> **Exercise directions**: Give back every record below word for word, with the pictures omitted.

> **Material shown**:

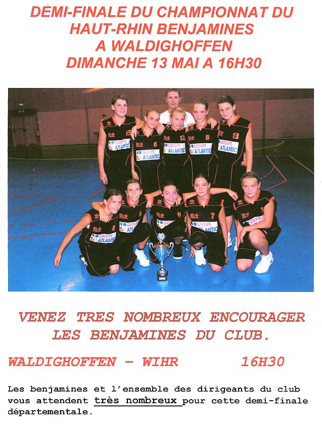 Affiche 1/2 finale benjamines du dimanche 13 mai.
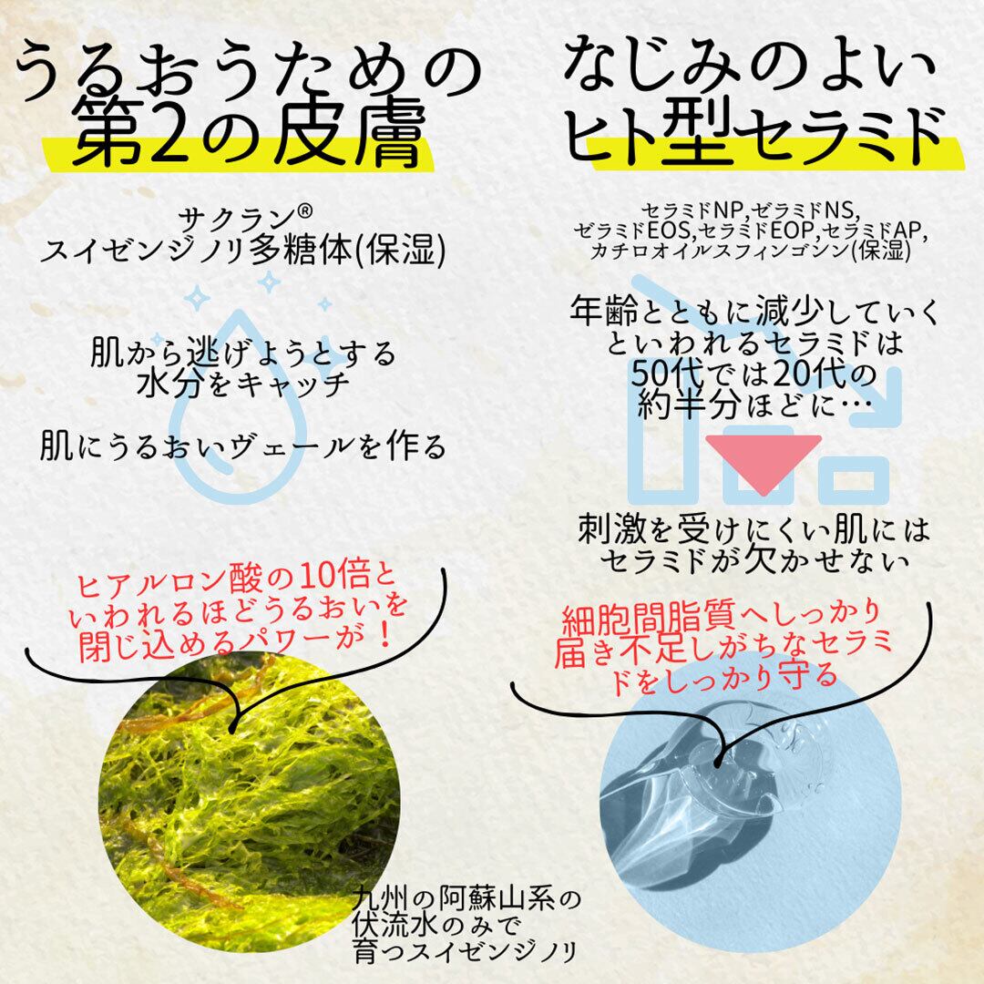 水・BG・テトラヘキシルデカン酸アスコルビル(※)・グリセリン・スクワラン・シクロペンタシロキサン・ペンチレングリコール・ジメチコン・水添ナタネ油アルコール・パンテノール(※)・ビスグリセリルアスコルビン酸(※)・ナイアシンアミド(※)・ビオチン(※)・リボフラビン(※)・葉酸(※)・パルミチン酸アスコルビル(※)・アスペルギルス/加水分解コラーゲン発酵液・シロバナルーピン種子エキス・チオクト酸・水添レチノール(※)・グルコシルヘスペリジン(※)・リノール酸レチノール(※)・カラスムギ穀粒エキス・クラドシホンノバエカレドニアエ多糖体・スイゼンジノリ多糖体・ダイズ芽エキス・ソメイヨシノ葉エキス・センチフォリアバラ花エキス・プエラリアミリフィカ根エキス・セラミドNP・セラミドNS・セラミドEOS・セラミドEOP・セラミドAP・カプロオイルフィトスフィンゴシン・カプロオイルスフィンゴシン・ヒトオリゴペプチド-1・ヒトオリゴペプチド-13・アーチチョーク葉エキス・コレステロール・ベヘン酸・サンザシエキス・ナツメ果実エキス・クエン酸・オレンジ果汁・ライム果汁・レモン果汁・グレープフルーツ果実エキス・リンゴ果実エキス・フィトステロールズ・トコフェロール(※)・ヒマワリ種子油・(アクリル酸ヒドロキシエチル/アクリロイルジメチルタウリンNa)コポリマー・ポリソルベート60・トリ(カプリル酸/カプリン酸)グリセリル・水添レシチン・シアノコバラミン・セテアレス-25・セタノール・イソステアリン酸ソルビタン・エチルヘキシルグリセリン・キサンタンガム・フェノキシエタノール・香料
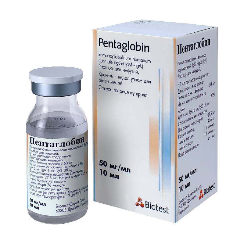 Пентаглобин 50 мг/мл раствор для внутривенного введения 10 мл 1 шт
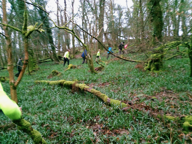 After the beerstop, courtesy of Er Indoors and Mama Mia, thanks, the trail continued down an icy steep hill to more woodland tracks before arriving back at the cars/coach in just under 2 hours.
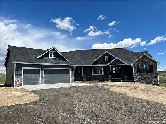 New Custom Home **End Of April Completion Date ** Well allows for 4 large animals** No Metro or Special Taxing District** Country living at its finest with all the amenities so close by. *** 3 miles from the Growing town of Elizabeth** You will not be disappointed with this nearly finished home on 10 acres, secluded in the Willow Creek Subdivision. Upon entering the open floor plan, you will feel the serenity of what this home has to offer with the abundance of natural light throughout the home and the majestic views. The kitchen is a baker’s dream with its large kitchen island. Great room is opened to the gourmet kitchen with a stone fireplace and 12’ ceilings. Master bedroom is tucked away from the other two bedrooms with its own master bathroom. Conveniently the drop off zone, mudroom and laundry room are located upon entering the home from the oversized 3- car garage, which is insulated and drywalled. Quartz countertops throughout and popular large plank flooring in kitchen, breakfast nook/dining, hallway, great room and entry. Room for expansion in the unfinished walkout basement with 9’ ceilings, which also share the views of Willow Creek and has the rough plumbing for a future bathroom. Come make this your dream home and capture the wildlife throughout the year on your back deck! There is a temporary fence by the driveway that will be taken down upon completion of the home. You will not be disappointed with these views and the location!! *** More pictures to come. *** Room for future in-law quarters in full walkout bedroom and Barn/Garage for all you toys and animals.

> **Result of this exercise**:
 Affiche 1/2 finale benjamines du dimanche 13 mai.
 水・BG・テトラヘキシルデカン酸アスコルビル(※)・グリセリン・スクワラン・シクロペンタシロキサン・ペンチレングリコール・ジメチコン・水添ナタネ油アルコール・パンテノール(※)・ビスグリセリルアスコルビン酸(※)・ナイアシンアミド(※)・ビオチン(※)・リボフラビン(※)・葉酸(※)・パルミチン酸アスコルビル(※)・アスペルギルス/加水分解コラーゲン発酵液・シロバナルーピン種子エキス・チオクト酸・水添レチノール(※)・グルコシルヘスペリジン(※)・リノール酸レチノール(※)・カラスムギ穀粒エキス・クラドシホンノバエカレドニアエ多糖体・スイゼンジノリ多糖体・ダイズ芽エキス・ソメイヨシノ葉エキス・センチフォリアバラ花エキス・プエラリアミリフィカ根エキス・セラミドNP・セラミドNS・セラミドEOS・セラミドEOP・セラミドAP・カプロオイルフィトスフィンゴシン・カプロオイルスフィンゴシン・ヒトオリゴペプチド-1・ヒトオリゴペプチド-13・アーチチョーク葉エキス・コレステロール・ベヘン酸・サンザシエキス・ナツメ果実エキス・クエン酸・オレンジ果汁・ライム果汁・レモン果汁・グレープフルーツ果実エキス・リンゴ果実エキス・フィトステロールズ・トコフェロール(※)・ヒマワリ種子油・(アクリル酸ヒドロキシエチル/アクリロイルジメチルタウリンNa)コポリマー・ポリソルベート60・トリ(カプリル酸/カプリン酸)グリセリル・水添レシチン・シアノコバラミン・セテアレス-25・セタノール・イソステアリン酸ソルビタン・エチルヘキシルグリセリン・キサンタンガム・フェノキシエタノール・香料
 Пентаглобин 50 мг/мл раствор для внутривенного введения 10 мл 1 шт
 After the beerstop, courtesy of Er Indoors and Mama Mia, thanks, the trail continued down an icy steep hill to more woodland tracks before arriving back at the cars/coach in just under 2 hours.
 New Custom Home **End Of April Completion Date ** Well allows for 4 large animals** No Metro or Special Taxing District** Country living at its finest with all the amenities so close by. *** 3 miles from the Growing town of Elizabeth** You will not be disappointed with this nearly finished home on 10 acres, secluded in the Willow Creek Subdivision. Upon entering the open floor plan, you will feel the serenity of what this home has to offer with the abundance of natural light throughout the home and the majestic views. The kitchen is a baker’s dream with its large kitchen island. Great room is opened to the gourmet kitchen with a stone fireplace and 12’ ceilings. Master bedroom is tucked away from the other two bedrooms with its own master bathroom. Conveniently the drop off zone, mudroom and laundry room are located upon entering the home from the oversized 3- car garage, which is insulated and drywalled. Quartz countertops throughout and popular large plank flooring in kitchen, breakfast nook/dining, hallway, great room and entry. Room for expansion in the unfinished walkout basement with 9’ ceilings, which also share the views of Willow Creek and has the rough plumbing for a future bathroom. Come make this your dream home and capture the wildlife throughout the year on your back deck! There is a temporary fence by the driveway that will be taken down upon completion of the home. You will not be disappointed with these views and the location!! *** More pictures to come. *** Room for future in-law quarters in full walkout bedroom and Barn/Garage for all you toys and animals.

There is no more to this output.